Han Solo died. Okay, well, it's really obvious JJ wanted one of the original cast to die because that scene had no point and no emotional impact. You could remove it from the movie and say a stormtrooper shot him on the way here and I wouldn't really care less.
Starkiller base: Really couldn't try a new plot, could they? Constant ultimate superweapons was boring in the EU, it hasn't gotten less boring now. Oh yeah, it blew up a few planets we didn't care about. That happened but could have been faked for all the impact it had. Looked good visually though.

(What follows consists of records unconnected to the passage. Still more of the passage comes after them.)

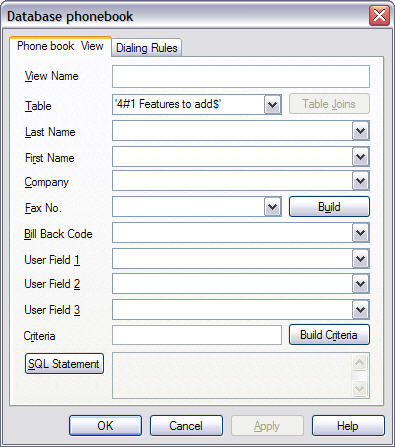 From the Database Phone Book dialog box you can select any table and column in your phone book database and associate it with a phone book field.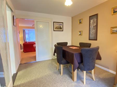 Dining Room 9' 5" x 9' 1" (2.87m x 2.77m) With radiator, glazed sliding door to kitchen and arch opening to;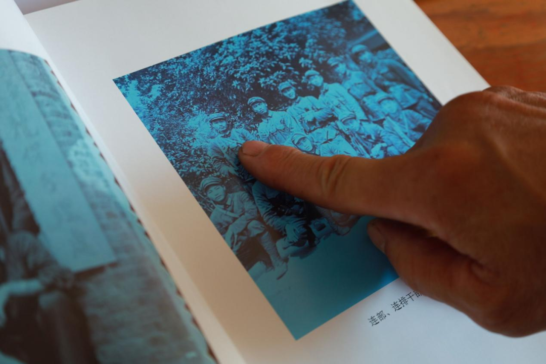 老兵李玉才为红船筑梦实践队成员展示当年的老照片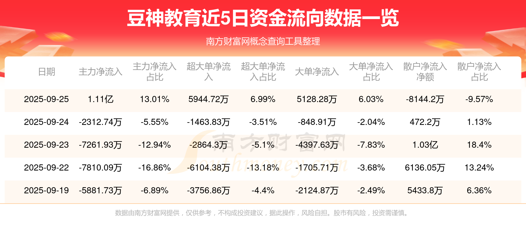 近5日資金流向一覽見下表: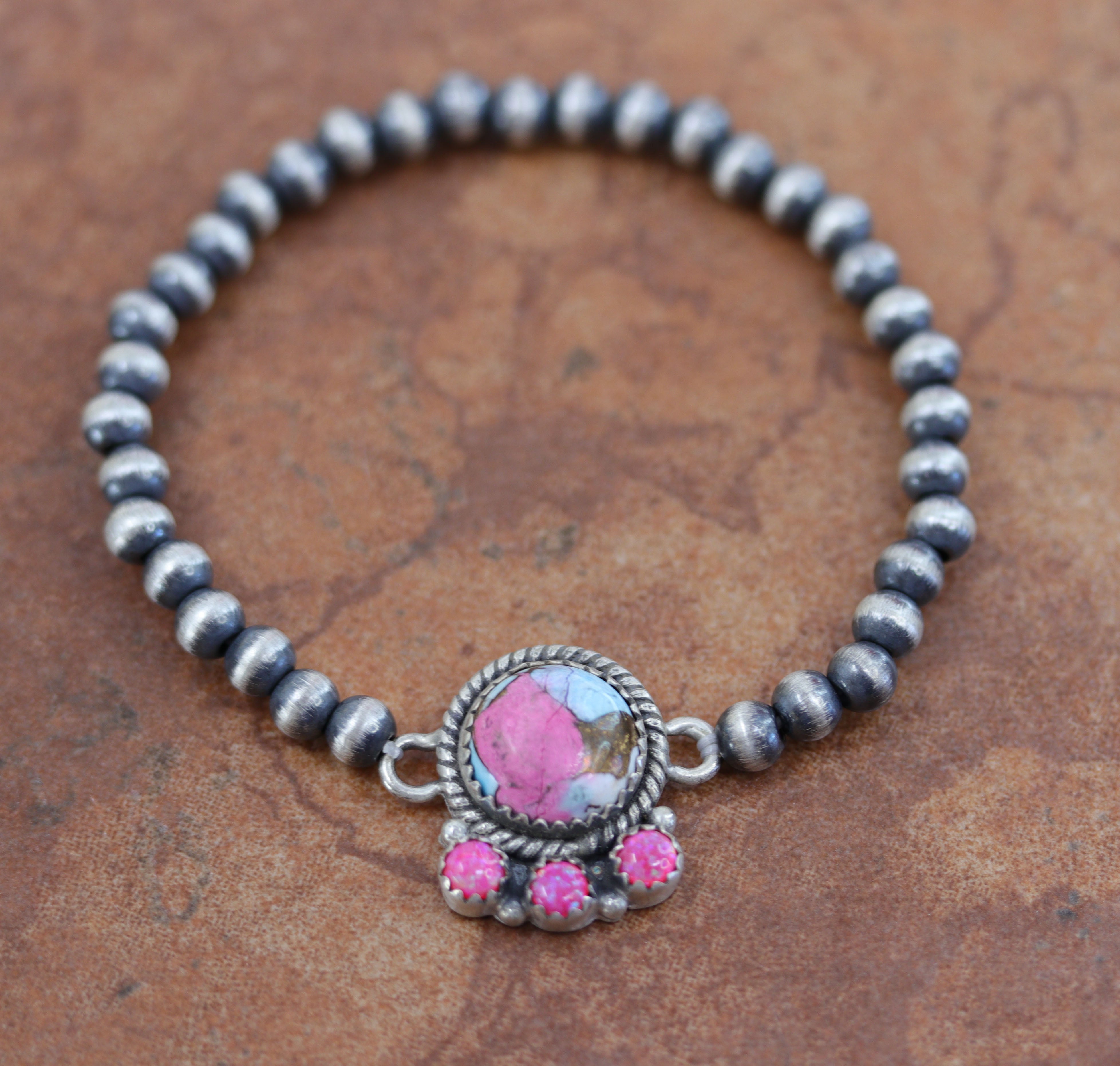 It is about 6" from end to end and the width of the Desert pearls are 4 mm at the widest point. It is made from sterling silver, cotton candy dahlia, and created opal. This item is not Native American.

Tangentially related: if it sucks up a sun to power itself, why does it need to fire at all? Removing a star is going to **** up the planets in a system already.

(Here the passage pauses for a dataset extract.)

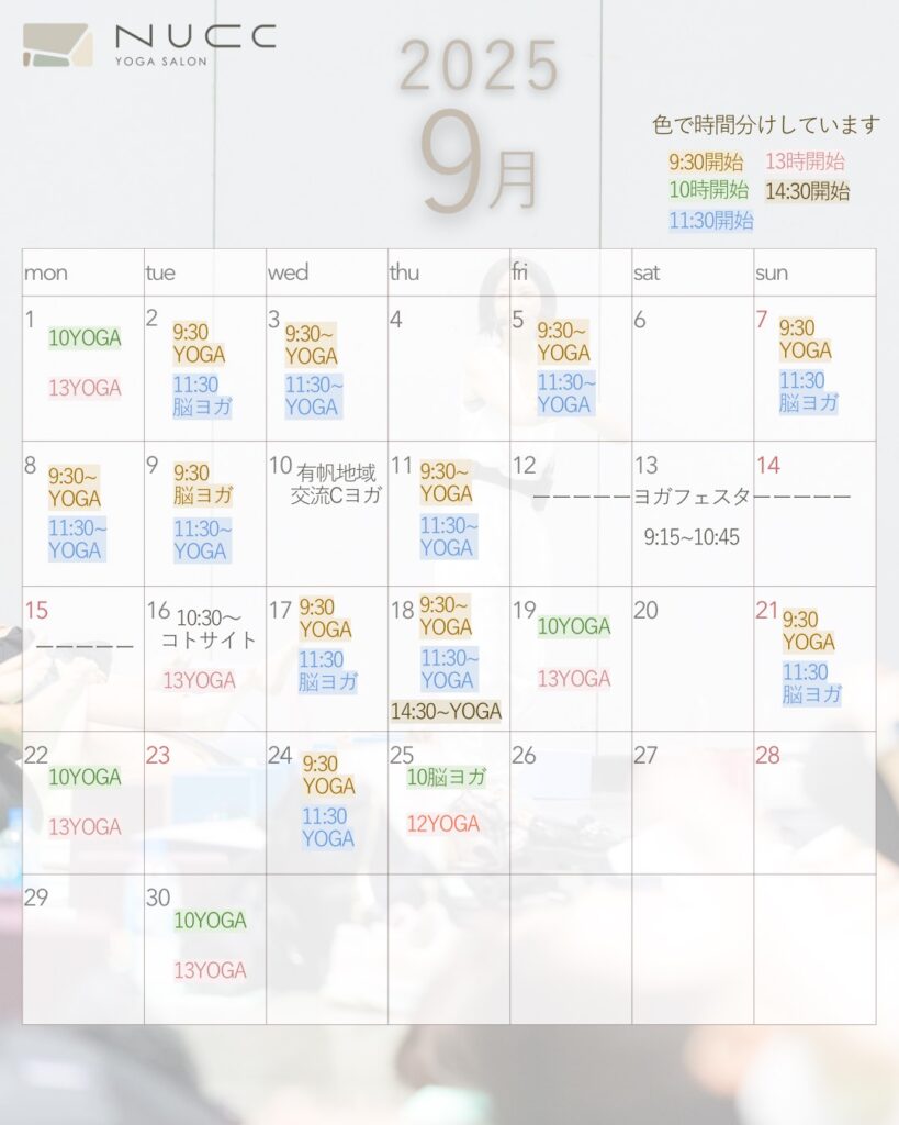 9月はヨガフェスタ横浜やコトサイト、有帆地域交流センターなど、ヨガサロン以外の場所にもお伺いします。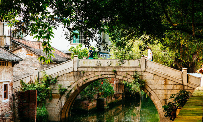 在出门见水,举步登舟的水乡顺德,自然少不了各式的古石桥。文化街的一旁保留着清代的单孔石拱桥,这座御波桥始建于清朝咸丰年间,“御波”寓意驾驭和制服洪水,寄托着水乡人家的美好祝愿。在这里,处处充满着水乡的特色,儿时的味道。

Kinda related: there's no sense of distance or travel in this movie. Where was the Starkiller Base when it appeared? Where was it when it exploded? Where is the rebel base in relation to all the other locations in the movie? Are they all in different systems or did it move? What about those planets it killed?
This is a JJ thing because Into Darkness had the same exact issue. Everything feels right next to everything else.
Kylo Ren: so I'm guessing JJ was a fan of mopy, ansty prequel Anakin, because that's basically who this is. I completely understand him feeling inadequate compared to Vader because he's a worse character in every way. Summons none of the personality or sheer cool factor Vader did. Hell, none of the villains in this movie even manage to be as memorable as Grand Moff Tarkin.
Actually, this kinda reinforces that this is really episode IV mk2. I find Kylo Ren a much more obvious progression of prequel Anakin than original trilogy Darth Vader ever was. Replace Luke with Obi-Wan or Yoda, Snoke with Palpatine, and boom, episode IV completely replaced (with a worse movie).
I think this movie tried way to hard to echo ANH, and JJ abrams is a bad, bad director when it comes to plot.
Visually, it looked good. The dogfight scenes were solid, so was the lightsaber fight at the end. That frozen blaster bolt at the start looked cool as hell. I loved the graveyard of Imperial equipment on Jakku even if there's zero explanation for it in the movie, but I'm a sucker for ship graveyards.
Final verdict: worse than Revenge of the Sith. Possibly worse than Attack of the Clones. Still better than Jar-Jar. Immeasurably worse than the Thrawn Trilogy. I'm hoping it's made better by the next two movies. Which is entirely possible.